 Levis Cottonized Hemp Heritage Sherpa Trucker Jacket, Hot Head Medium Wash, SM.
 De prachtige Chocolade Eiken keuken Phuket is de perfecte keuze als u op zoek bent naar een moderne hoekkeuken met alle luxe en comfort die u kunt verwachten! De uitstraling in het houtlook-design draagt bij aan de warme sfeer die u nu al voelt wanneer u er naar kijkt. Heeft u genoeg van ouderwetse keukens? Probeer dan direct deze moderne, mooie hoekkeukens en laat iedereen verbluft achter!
--
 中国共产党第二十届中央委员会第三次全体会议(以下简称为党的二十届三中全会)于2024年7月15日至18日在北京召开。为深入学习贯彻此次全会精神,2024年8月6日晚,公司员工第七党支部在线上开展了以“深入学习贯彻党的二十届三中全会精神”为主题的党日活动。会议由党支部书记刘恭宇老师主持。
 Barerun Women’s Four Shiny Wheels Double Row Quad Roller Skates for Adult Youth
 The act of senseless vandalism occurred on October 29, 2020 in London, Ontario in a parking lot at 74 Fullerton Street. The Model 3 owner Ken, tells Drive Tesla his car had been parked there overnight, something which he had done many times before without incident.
--
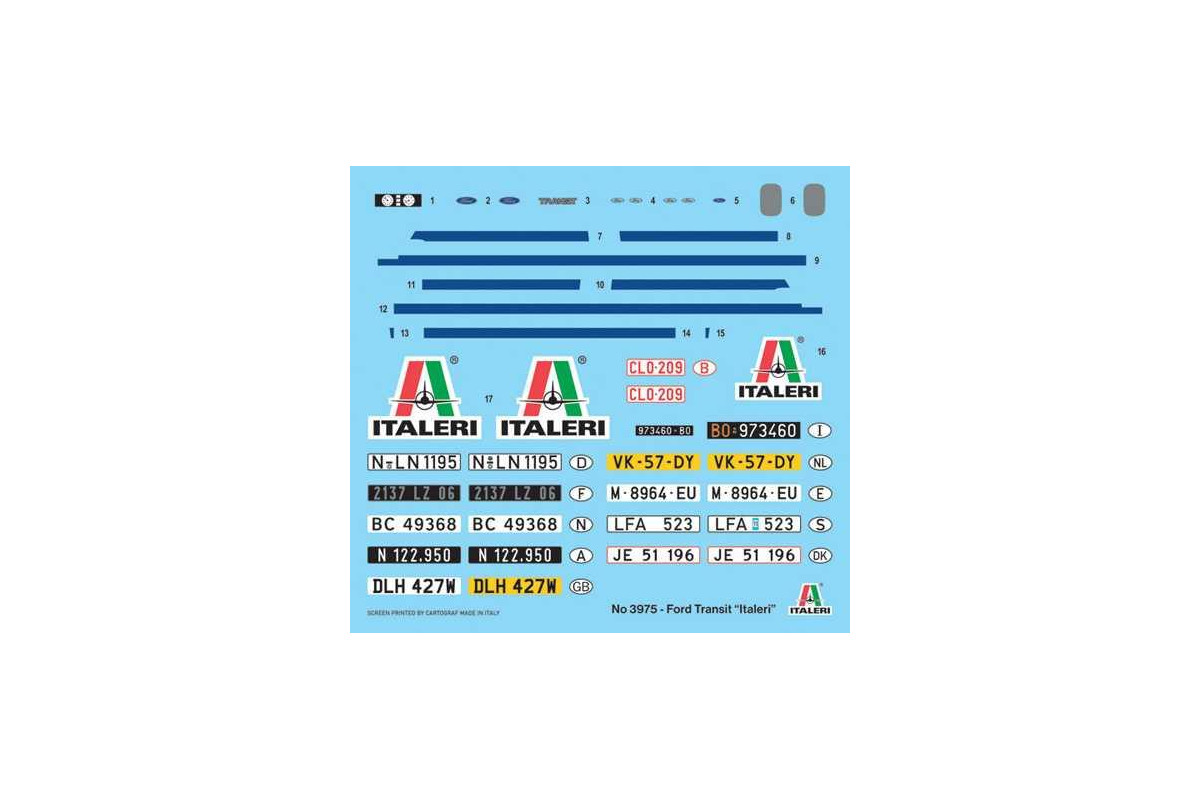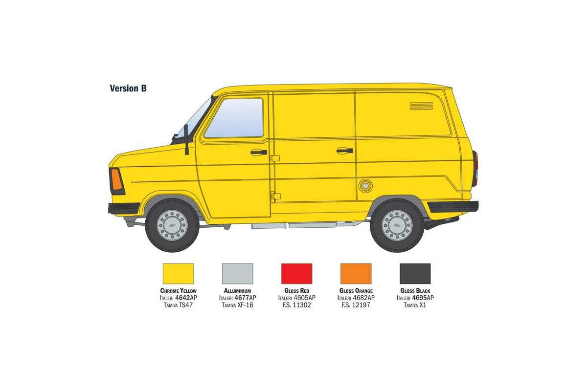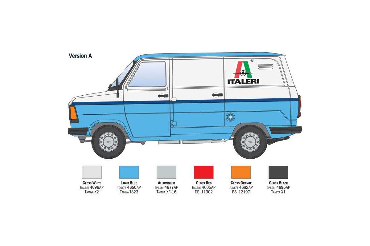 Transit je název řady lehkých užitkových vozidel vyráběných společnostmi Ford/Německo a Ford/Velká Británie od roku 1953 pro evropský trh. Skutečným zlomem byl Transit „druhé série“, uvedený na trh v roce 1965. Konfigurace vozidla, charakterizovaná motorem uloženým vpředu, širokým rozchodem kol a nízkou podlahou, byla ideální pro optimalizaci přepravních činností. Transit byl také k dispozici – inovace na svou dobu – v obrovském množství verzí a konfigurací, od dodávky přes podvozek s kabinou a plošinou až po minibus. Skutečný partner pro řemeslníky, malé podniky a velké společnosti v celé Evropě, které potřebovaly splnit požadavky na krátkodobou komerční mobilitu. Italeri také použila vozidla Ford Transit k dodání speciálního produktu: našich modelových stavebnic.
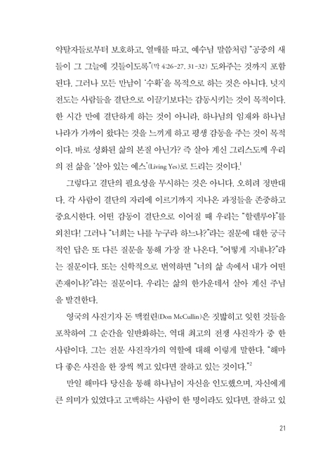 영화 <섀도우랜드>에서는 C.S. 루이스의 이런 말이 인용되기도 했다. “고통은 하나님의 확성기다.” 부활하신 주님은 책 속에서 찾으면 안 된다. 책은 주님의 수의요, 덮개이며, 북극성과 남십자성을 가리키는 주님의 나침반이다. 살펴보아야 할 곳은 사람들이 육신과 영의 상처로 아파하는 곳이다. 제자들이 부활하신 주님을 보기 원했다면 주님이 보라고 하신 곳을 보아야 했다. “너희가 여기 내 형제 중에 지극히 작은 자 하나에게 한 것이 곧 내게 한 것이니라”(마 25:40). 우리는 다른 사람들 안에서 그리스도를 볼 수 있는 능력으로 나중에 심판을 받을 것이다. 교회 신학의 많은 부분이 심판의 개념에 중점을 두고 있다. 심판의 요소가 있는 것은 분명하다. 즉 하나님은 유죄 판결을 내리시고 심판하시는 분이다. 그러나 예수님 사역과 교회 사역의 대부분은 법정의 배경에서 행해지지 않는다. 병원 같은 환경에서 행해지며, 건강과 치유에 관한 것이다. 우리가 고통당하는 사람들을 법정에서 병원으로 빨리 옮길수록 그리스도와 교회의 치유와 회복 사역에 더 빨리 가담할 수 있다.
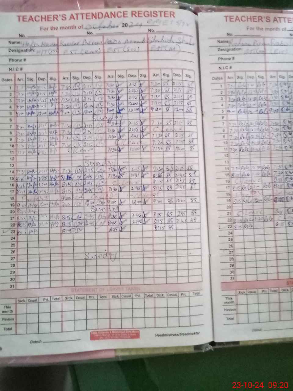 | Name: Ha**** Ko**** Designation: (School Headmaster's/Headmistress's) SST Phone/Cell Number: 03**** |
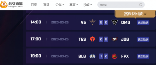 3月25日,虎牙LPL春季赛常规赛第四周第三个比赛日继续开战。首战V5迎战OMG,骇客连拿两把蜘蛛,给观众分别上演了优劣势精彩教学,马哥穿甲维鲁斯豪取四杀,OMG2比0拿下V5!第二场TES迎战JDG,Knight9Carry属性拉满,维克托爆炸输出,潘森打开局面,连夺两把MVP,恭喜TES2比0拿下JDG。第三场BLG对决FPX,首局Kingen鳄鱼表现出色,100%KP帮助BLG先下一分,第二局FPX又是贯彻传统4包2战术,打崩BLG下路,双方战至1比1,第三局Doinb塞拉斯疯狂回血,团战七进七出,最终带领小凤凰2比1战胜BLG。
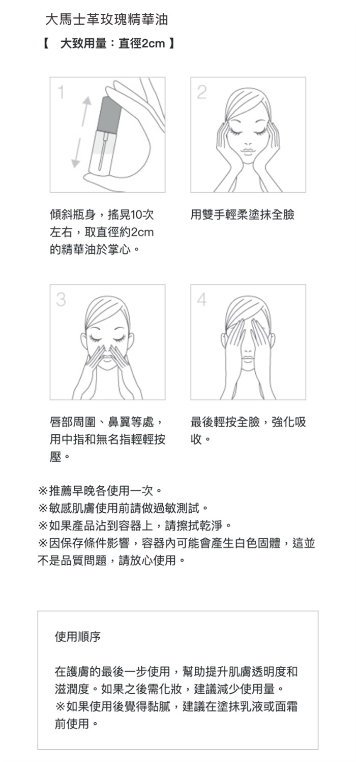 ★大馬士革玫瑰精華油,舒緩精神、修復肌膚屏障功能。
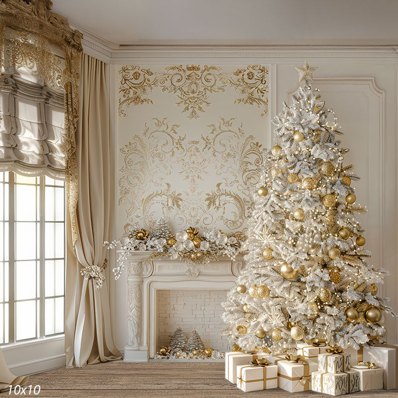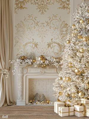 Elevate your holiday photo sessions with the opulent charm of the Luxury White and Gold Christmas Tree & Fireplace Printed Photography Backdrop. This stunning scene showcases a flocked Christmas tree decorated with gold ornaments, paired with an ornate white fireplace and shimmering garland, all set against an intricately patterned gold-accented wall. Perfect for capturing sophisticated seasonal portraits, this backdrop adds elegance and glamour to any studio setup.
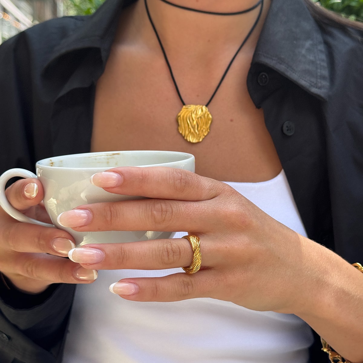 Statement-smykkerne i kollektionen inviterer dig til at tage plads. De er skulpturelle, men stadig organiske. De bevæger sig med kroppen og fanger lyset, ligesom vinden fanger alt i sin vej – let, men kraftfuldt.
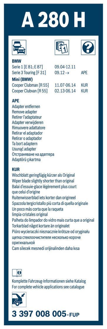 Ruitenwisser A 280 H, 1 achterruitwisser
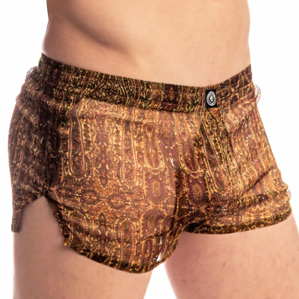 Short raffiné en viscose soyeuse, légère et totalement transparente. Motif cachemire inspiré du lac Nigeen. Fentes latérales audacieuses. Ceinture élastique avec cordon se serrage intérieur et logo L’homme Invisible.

=== What is needed ===
Start at the line above containing "Statement-smykkerne i kollektionen" and stop at the line containing "Ruitenwisser A 280 H, 1 achterruitwisser": print those lines and everything between them exactly, but not the pictures.

=== Reply ===
 Statement-smykkerne i kollektionen inviterer dig til at tage plads. De er skulpturelle, men stadig organiske. De bevæger sig med kroppen og fanger lyset, ligesom vinden fanger alt i sin vej – let, men kraftfuldt.
 Ruitenwisser A 280 H, 1 achterruitwisser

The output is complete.